The latest borrowing figures to the end of May 2012 reached £1,670 million, some £56 million or 3.5 per cent higher than a year ago.
The Union said this information was important as it had already been contacted by members over pressures on their farming businesses from the current difficult harvest and the extreme increases in the cost of feed, fertiliser and fuel.
Union chief executive Scott Walker said the pressures on many farm businesses were building: “The poor weather means that harvest is proving to be time-consuming and costly. In many sectors, marketplace returns are poor to average and for those keeping cattle, sheep, pigs or poultry, feed costs are rocketing leaving prospects for autumn and winter gloomy.

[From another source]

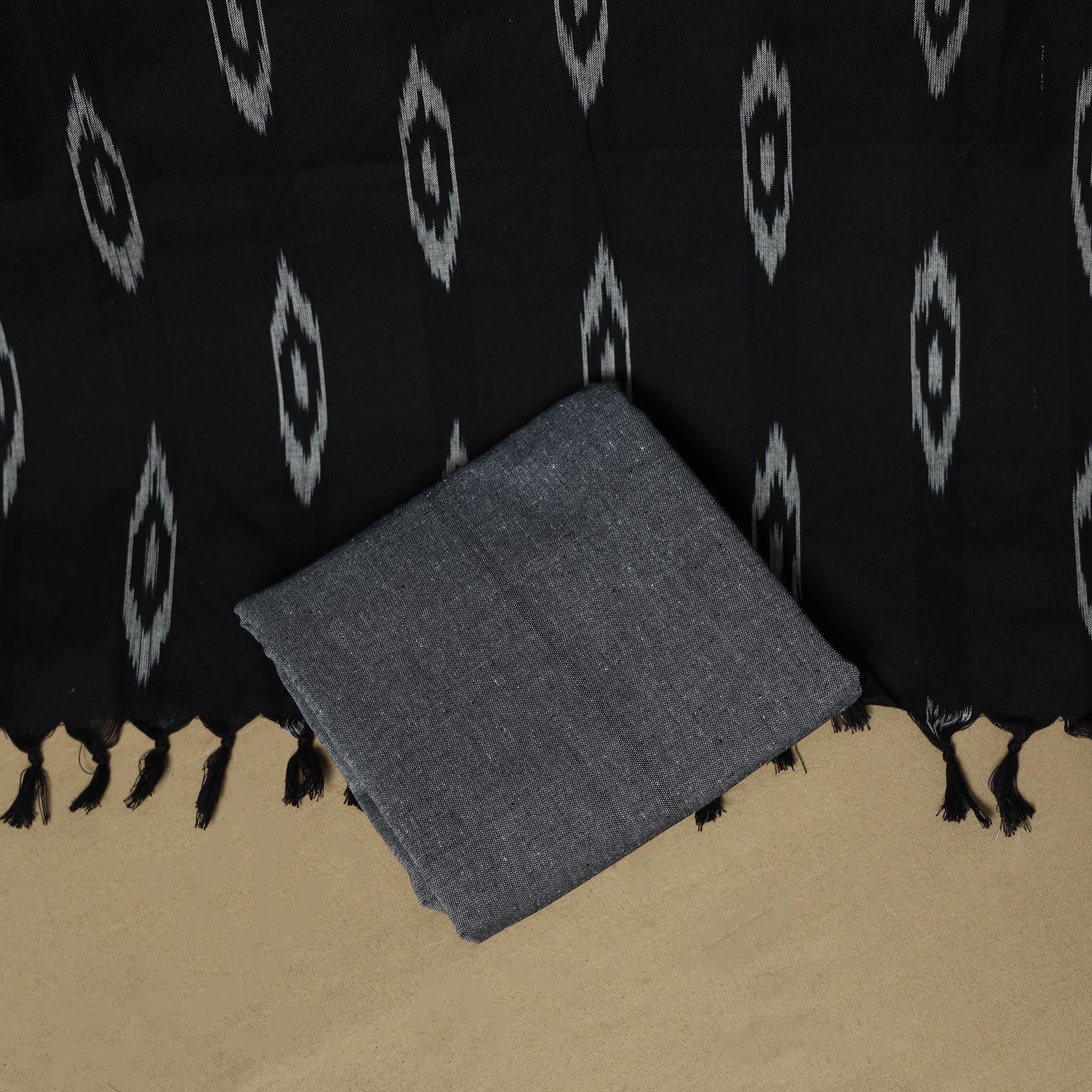 Black 3pc pochampally ikat handloom dress material set from Telangana is crafted in cotton and showcases the region’s signature Ikat technique, where the yarns are dyed before weaving. It includes a kurta, a dupatta, and a plain bottom. Ideal for weddings, parties and cultural gatherings, this set brings a refined, traditional touch to your wardrobe.

“Anecdotally, some farmers have already had difficult discussions with their banks over long-term credit, availability of loans and access to sufficient overdraft facilities. Since the credit crunch, the fees associated with lending, and in particular overdrafts, have risen markedly despite the overall inherent stability in agriculture.”
The Union will be meeting the agriculture committee of the Scottish clearing banks in late autumn to discuss the results of the survey and the lending conditions affecting its members.